* **Brief**:
Take the material below and extract the lines from the one with "上期详细讲解了DQN中的两个重要的技术:Target Network 和" through the one with "M5プラスチックスペーサーyjp-0172 高さ3mm0173 40174", word for word, without pictures.

* **Data to examine**:
+ + +

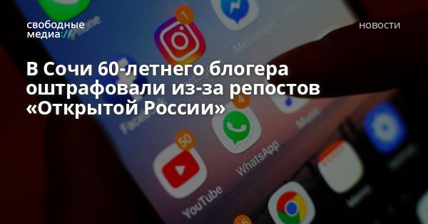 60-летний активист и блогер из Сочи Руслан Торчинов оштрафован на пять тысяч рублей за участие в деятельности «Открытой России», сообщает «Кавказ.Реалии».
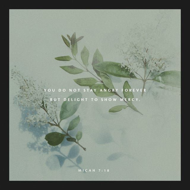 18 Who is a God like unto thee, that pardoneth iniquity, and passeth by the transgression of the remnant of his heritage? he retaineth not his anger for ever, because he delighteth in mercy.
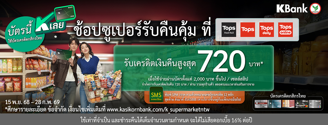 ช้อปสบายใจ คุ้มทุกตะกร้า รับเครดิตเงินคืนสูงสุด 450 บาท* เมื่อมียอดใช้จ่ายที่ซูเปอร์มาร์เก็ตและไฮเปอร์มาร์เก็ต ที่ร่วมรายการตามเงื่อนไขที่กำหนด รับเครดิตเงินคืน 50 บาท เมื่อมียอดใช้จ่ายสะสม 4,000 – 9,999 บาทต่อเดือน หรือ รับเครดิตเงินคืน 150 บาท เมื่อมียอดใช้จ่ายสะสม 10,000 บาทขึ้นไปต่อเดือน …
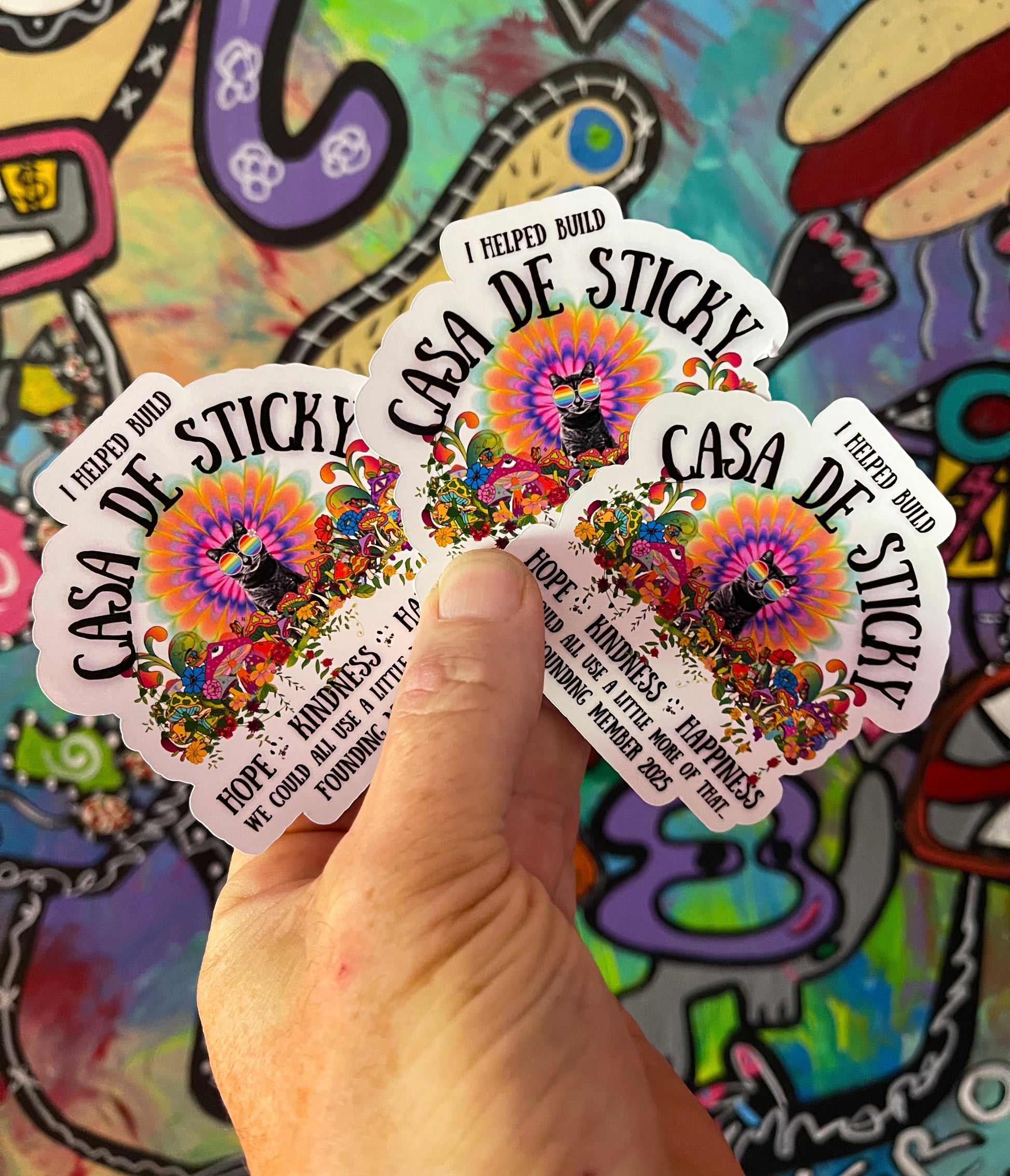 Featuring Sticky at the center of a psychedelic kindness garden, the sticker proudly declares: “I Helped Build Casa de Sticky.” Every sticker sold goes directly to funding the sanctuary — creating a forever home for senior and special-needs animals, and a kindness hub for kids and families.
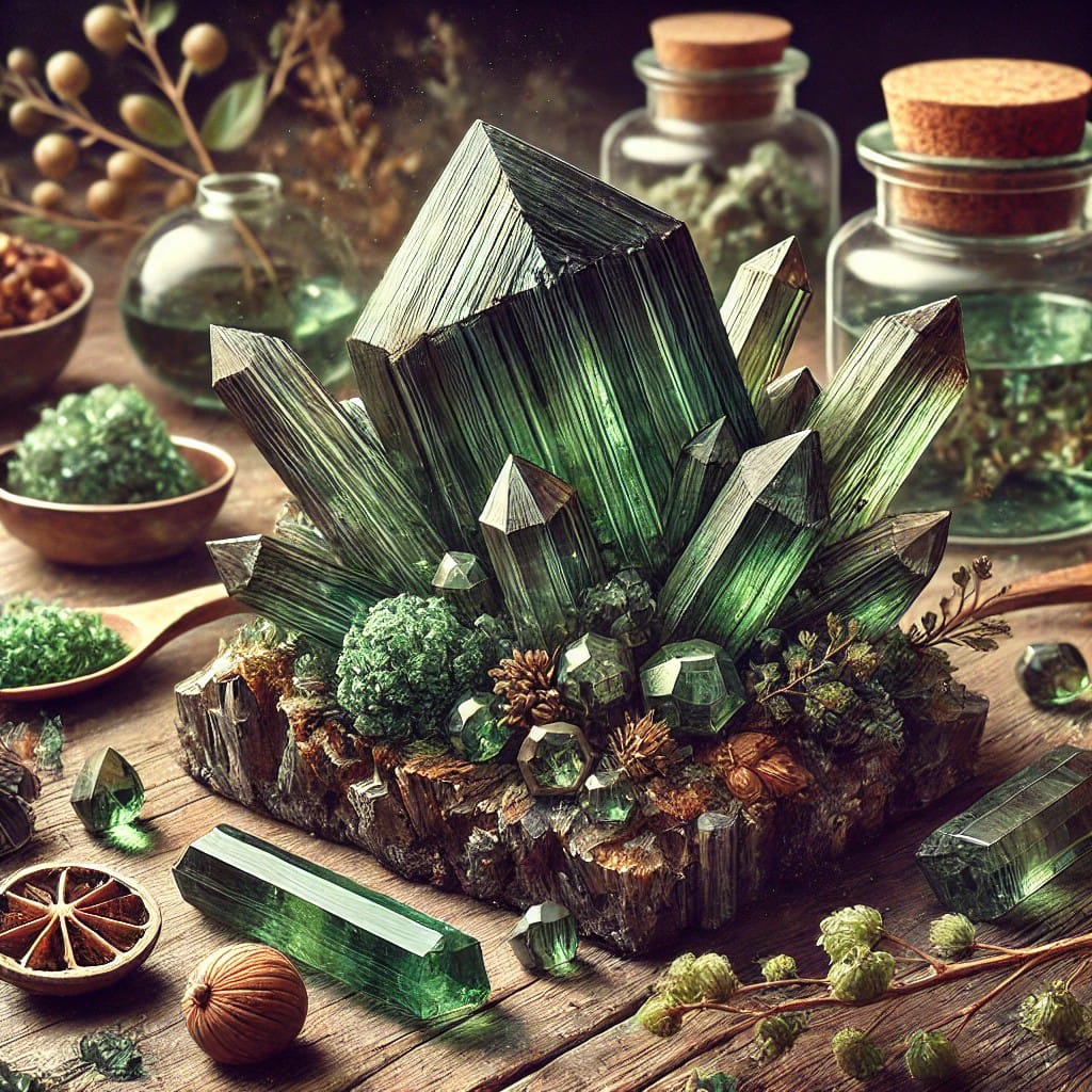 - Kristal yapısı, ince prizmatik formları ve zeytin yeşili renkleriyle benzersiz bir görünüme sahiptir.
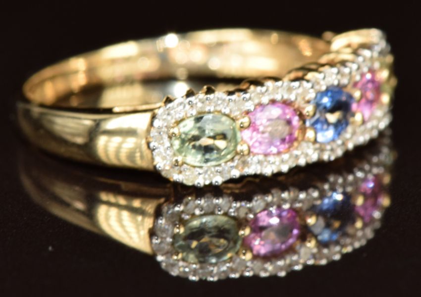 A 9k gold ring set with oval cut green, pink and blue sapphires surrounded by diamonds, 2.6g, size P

+ + +

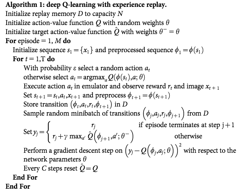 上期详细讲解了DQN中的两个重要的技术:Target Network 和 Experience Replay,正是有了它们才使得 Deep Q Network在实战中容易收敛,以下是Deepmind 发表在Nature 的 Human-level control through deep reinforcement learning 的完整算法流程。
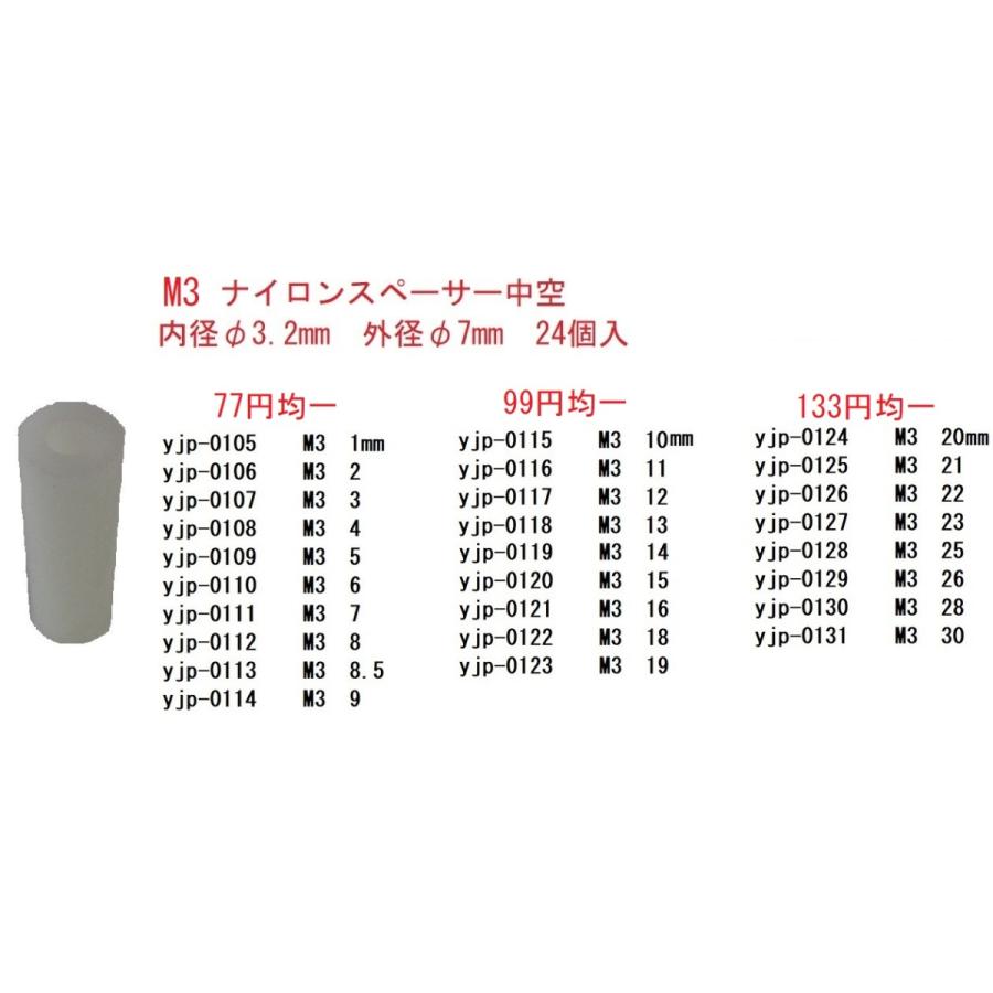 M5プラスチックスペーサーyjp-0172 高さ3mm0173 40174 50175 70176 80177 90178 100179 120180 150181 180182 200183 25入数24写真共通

+ + +

* **Expected answer**:
 上期详细讲解了DQN中的两个重要的技术:Target Network 和 Experience Replay,正是有了它们才使得 Deep Q Network在实战中容易收敛,以下是Deepmind 发表在Nature 的 Human-level control through deep reinforcement learning 的完整算法流程。
 M5プラスチックスペーサーyjp-0172 高さ3mm0173 40174 50175 70176 80177 90178 100179 120180 150181 180182 200183 25入数24写真共通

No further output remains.